RAW DATA
=== Begin Enclosure ===

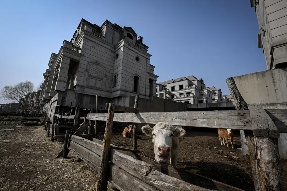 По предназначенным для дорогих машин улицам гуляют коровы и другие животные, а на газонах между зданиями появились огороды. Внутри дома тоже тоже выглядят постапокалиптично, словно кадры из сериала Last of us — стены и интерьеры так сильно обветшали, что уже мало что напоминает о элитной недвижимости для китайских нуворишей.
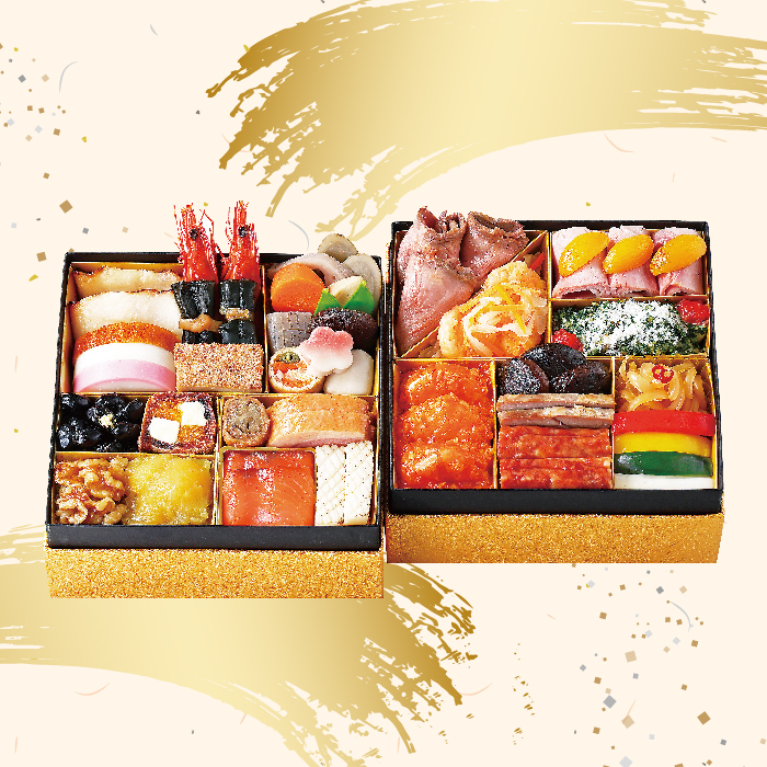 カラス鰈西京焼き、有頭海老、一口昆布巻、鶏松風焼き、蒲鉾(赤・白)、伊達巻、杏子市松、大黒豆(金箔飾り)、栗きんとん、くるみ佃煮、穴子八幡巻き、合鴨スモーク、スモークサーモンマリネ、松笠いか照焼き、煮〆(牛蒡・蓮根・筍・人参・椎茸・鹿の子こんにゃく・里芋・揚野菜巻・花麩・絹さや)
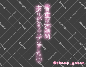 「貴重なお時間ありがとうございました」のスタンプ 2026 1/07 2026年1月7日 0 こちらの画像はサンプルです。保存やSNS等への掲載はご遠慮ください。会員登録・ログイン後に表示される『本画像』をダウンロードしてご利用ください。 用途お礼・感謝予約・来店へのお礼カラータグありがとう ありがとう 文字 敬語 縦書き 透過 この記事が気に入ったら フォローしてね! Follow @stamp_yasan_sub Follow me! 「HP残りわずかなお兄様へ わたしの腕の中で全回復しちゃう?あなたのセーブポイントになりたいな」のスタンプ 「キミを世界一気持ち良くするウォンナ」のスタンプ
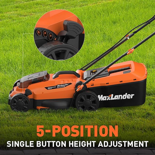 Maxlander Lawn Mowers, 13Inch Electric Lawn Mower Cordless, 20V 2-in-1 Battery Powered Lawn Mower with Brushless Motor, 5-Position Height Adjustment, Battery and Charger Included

=== End Enclosure ===

PROBLEM DETAILS
Please copy out the material above exactly, with the images removed.

SOLUTION FOR THIS TASK
 По предназначенным для дорогих машин улицам гуляют коровы и другие животные, а на газонах между зданиями появились огороды. Внутри дома тоже тоже выглядят постапокалиптично, словно кадры из сериала Last of us — стены и интерьеры так сильно обветшали, что уже мало что напоминает о элитной недвижимости для китайских нуворишей.
 カラス鰈西京焼き、有頭海老、一口昆布巻、鶏松風焼き、蒲鉾(赤・白)、伊達巻、杏子市松、大黒豆(金箔飾り)、栗きんとん、くるみ佃煮、穴子八幡巻き、合鴨スモーク、スモークサーモンマリネ、松笠いか照焼き、煮〆(牛蒡・蓮根・筍・人参・椎茸・鹿の子こんにゃく・里芋・揚野菜巻・花麩・絹さや)
 「貴重なお時間ありがとうございました」のスタンプ 2026 1/07 2026年1月7日 0 こちらの画像はサンプルです。保存やSNS等への掲載はご遠慮ください。会員登録・ログイン後に表示される『本画像』をダウンロードしてご利用ください。 用途お礼・感謝予約・来店へのお礼カラータグありがとう ありがとう 文字 敬語 縦書き 透過 この記事が気に入ったら フォローしてね! Follow @stamp_yasan_sub Follow me! 「HP残りわずかなお兄様へ わたしの腕の中で全回復しちゃう?あなたのセーブポイントになりたいな」のスタンプ 「キミを世界一気持ち良くするウォンナ」のスタンプ
 Maxlander Lawn Mowers, 13Inch Electric Lawn Mower Cordless, 20V 2-in-1 Battery Powered Lawn Mower with Brushless Motor, 5-Position Height Adjustment, Battery and Charger Included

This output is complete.